24 August 2012

A young artist recovering from cancer has teamed up with researchers from The University of Queensland’s Institute for Molecular Bioscience (IMB) to understand the molecular changes in her body that occurred during the disease.

“I’m a very visual person, so when I was first diagnosed with cancer, I was trying to imagine what my cells would look like as they changed in response to the disease,” artist Joannah Underhill said.

Ms Underhill hopes to use her IMB residency to create art that both expresses her journey and educates people about biology, medicine and research.

It’s a confluence of science and art that collaborator Dr Nick Hamilton, a world leader in scientific visualisation, fully supports.

“It’s a unique visual world we have available to us at IMB and I’ve always thought artists could interpret and make sense of our images in a very different way from scientists,” Dr Hamilton said.

He and microscopy expert John Griffin use the ACRF Cancer Biology Imaging Facility at IMB to produce images of diseased and healthy cells that are used by researchers throughout the institute to study cancer.

Ms Underhill adopts these pictures, including some of her own immune cells, as inspiration for her work.

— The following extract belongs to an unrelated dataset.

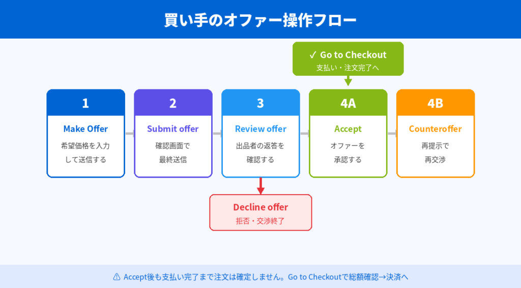 実際、eBay公式でも、出品者から特別オファーを受け取った場合はReview offerから内容確認を行い、その後にGo to checkoutやDecline offer、Make a counterofferへ進む流れが案内されています。

She is blogging about the residency at www.jounderhill.com

“There’s something profoundly moving about looking at part of yourself down the microscope, or observing processes that occur in your body,” Ms Underhill said.

Ms Underhill and Dr Hamilton will give a talk titled, “A Picture is Worth A Thousand Words: When Science is Art” at Brisbane’s Gallery of Modern Art on the August 30, which will include special guest Ros Bates, the Queensland Minister for Science, IT, Innovation and Arts.

Please see www.imb.uq.edu.au for more details and to purchase tickets.

Ms Underhill’s work will also be exhibited at the Royal Brisbane and Women’s Hospital, where Ms Underhill received treatment, and The University of Queensland, the Woolloongabba Art Gallery and Hilltop on Tambourine gallery.